AI Agent Security Review Checklist

Map capabilities before deployment

List every tool the agent can call: shell commands, browsers, file systems, databases, ticket systems, email, calendars, cloud APIs, and deployment tools. A capability map makes hidden risk visible.

For each tool, identify read permissions, write permissions, destructive actions, credential exposure, and whether humans approve actions before execution.

Defend against prompt injection

Agents that read webpages, documents, tickets, or emails can encounter malicious instructions embedded in content. Treat external text as untrusted input, even when it appears inside a normal document.

Use explicit tool policies, retrieval boundaries, and review steps for sensitive actions. The model should not be able to override system rules because a webpage asked it to.

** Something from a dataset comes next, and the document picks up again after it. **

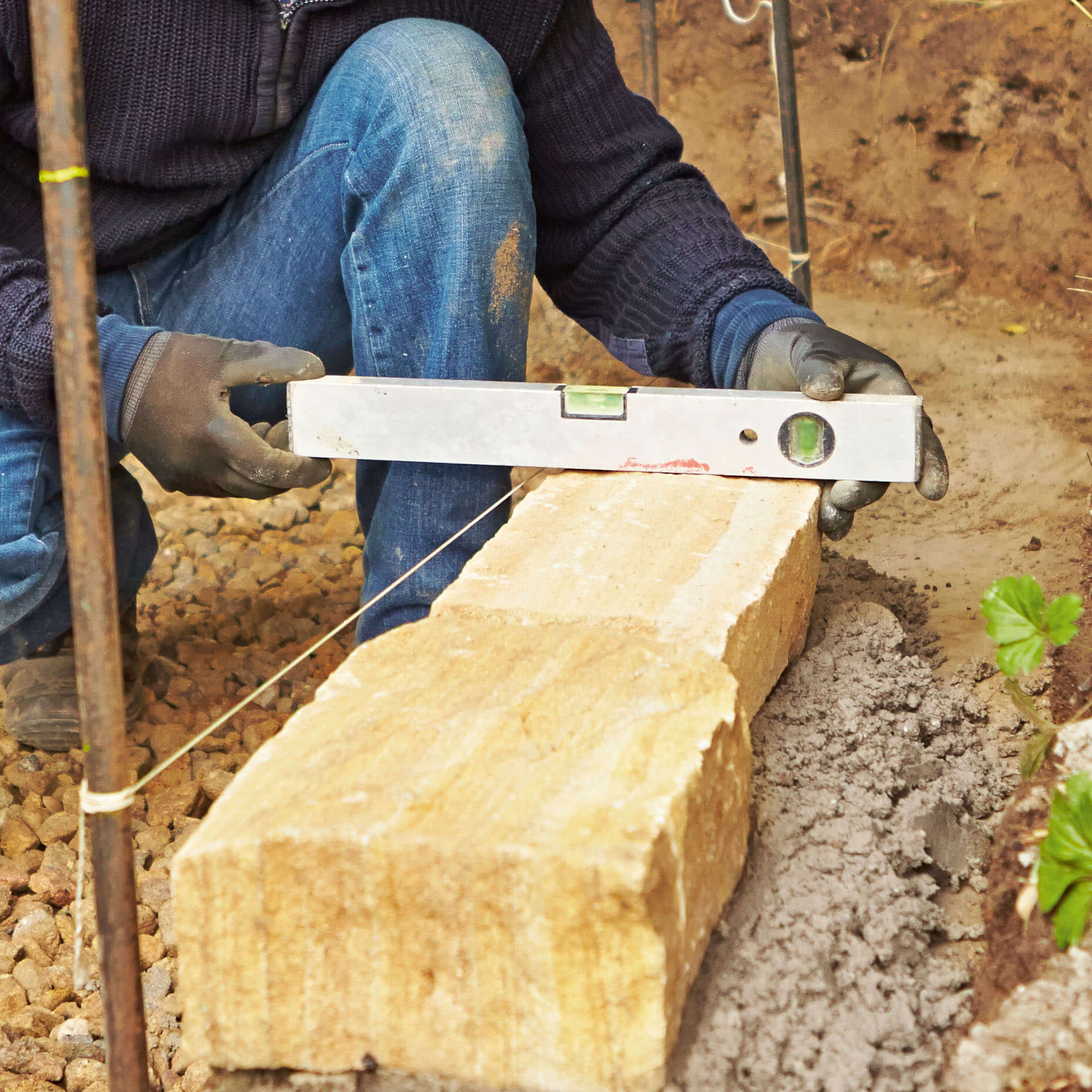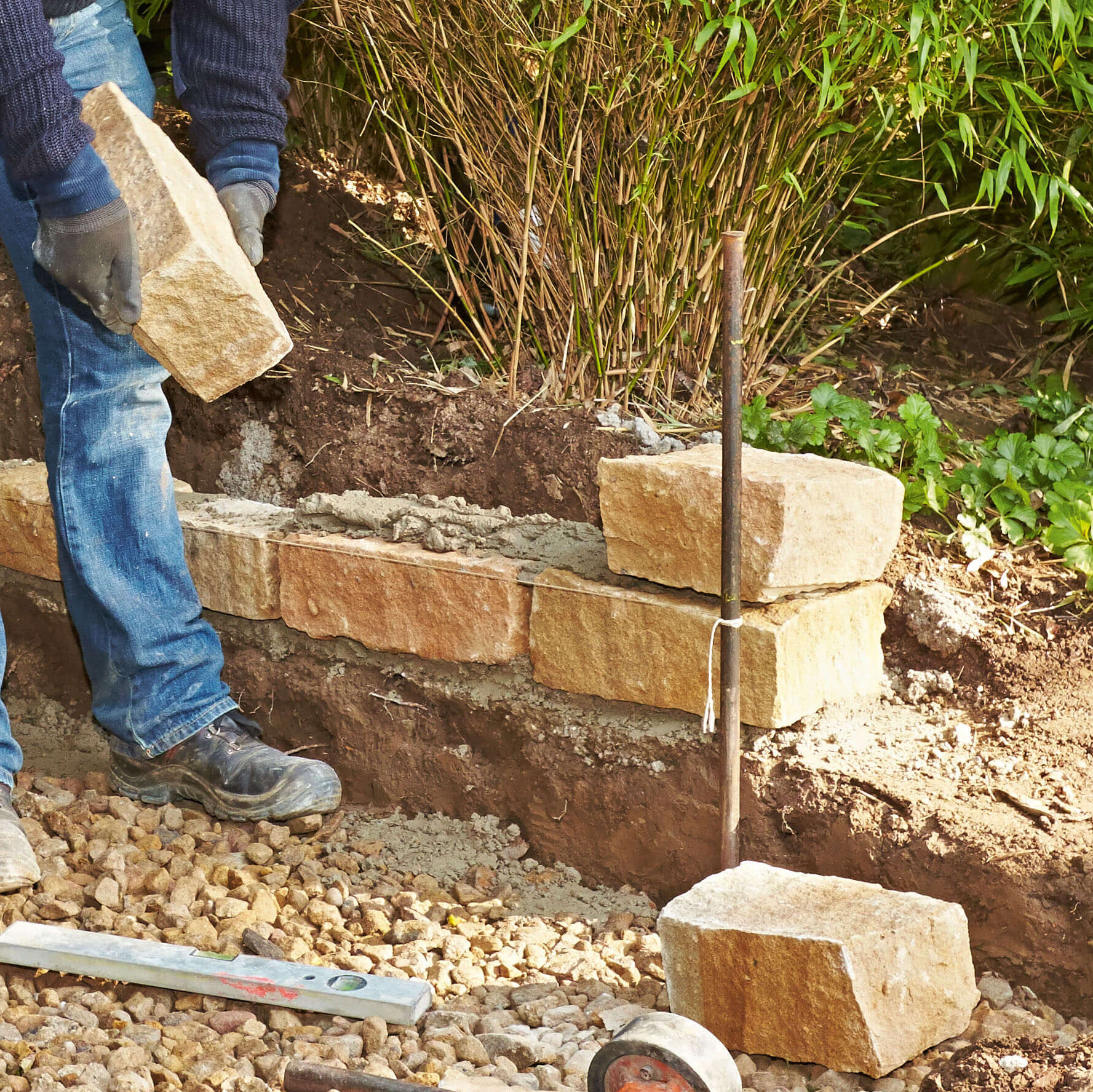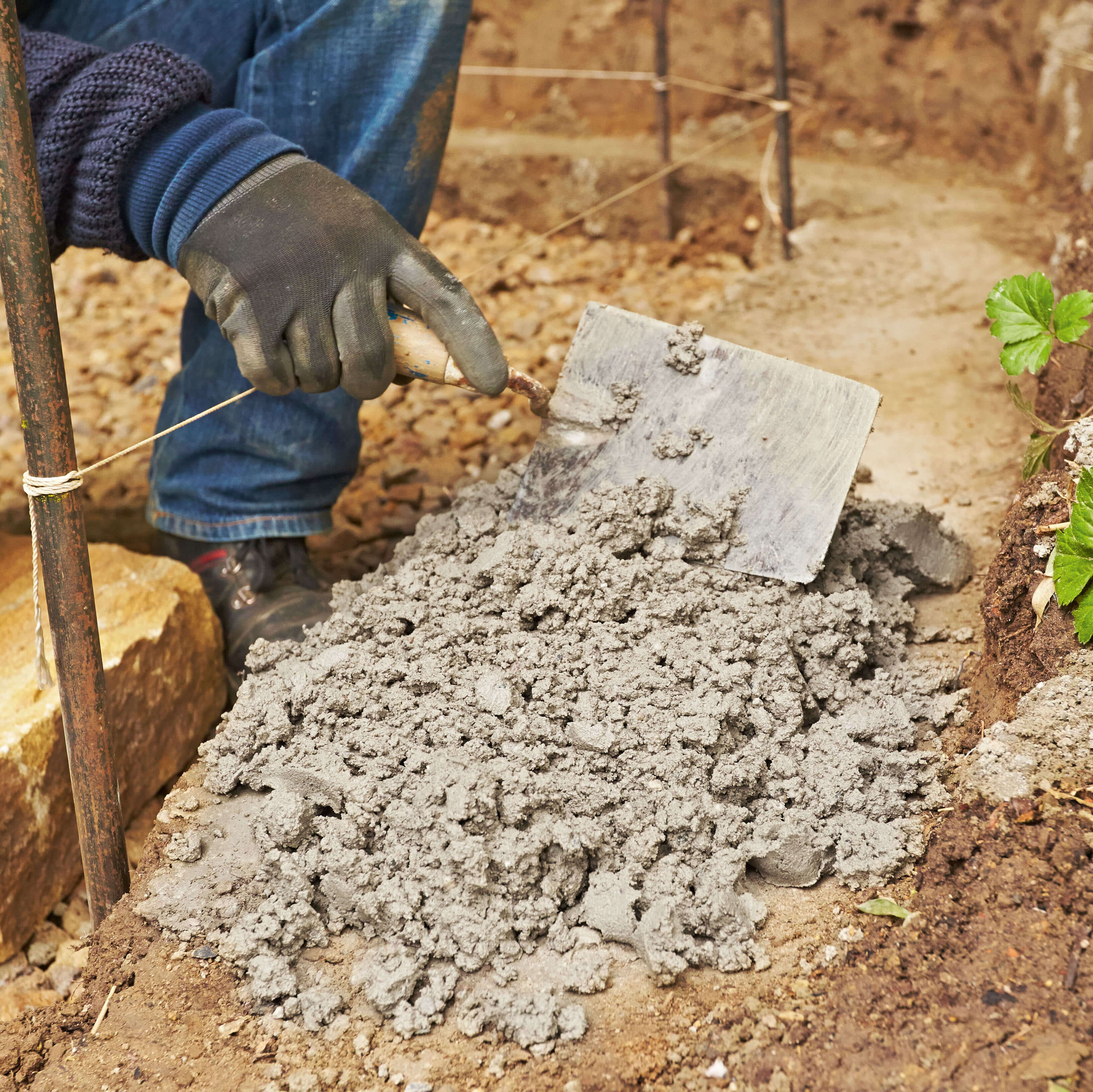 Das Fundament ist nach 28 Tagen vollständig ausgehärtet. Bebaut werden kann es in der Regel nach 2 Tagen. In der Zwischenzeit könnt ihr Steine und Werkzeug bereitlegen. Wenn alle Vorbereitungen abgeschlossen sind, ist es endlich so weit: Ihr könnt den Mörtel mischen und anfangen, eure Mauer zu bauen.

Log actions, not just messages

A useful audit trail includes prompts, retrieved context, tool calls, files touched, commands run, API calls, approvals, and final outputs. Logs should be searchable when an incident happens.

For engineering agents, keep generated changes in normal version-control workflows. For business automation agents, store enough context to explain why an action was taken.

Use staged permissions

Begin with read-only access, then limited write access, then scoped automation. Each stage should have rollback instructions and a clear owner.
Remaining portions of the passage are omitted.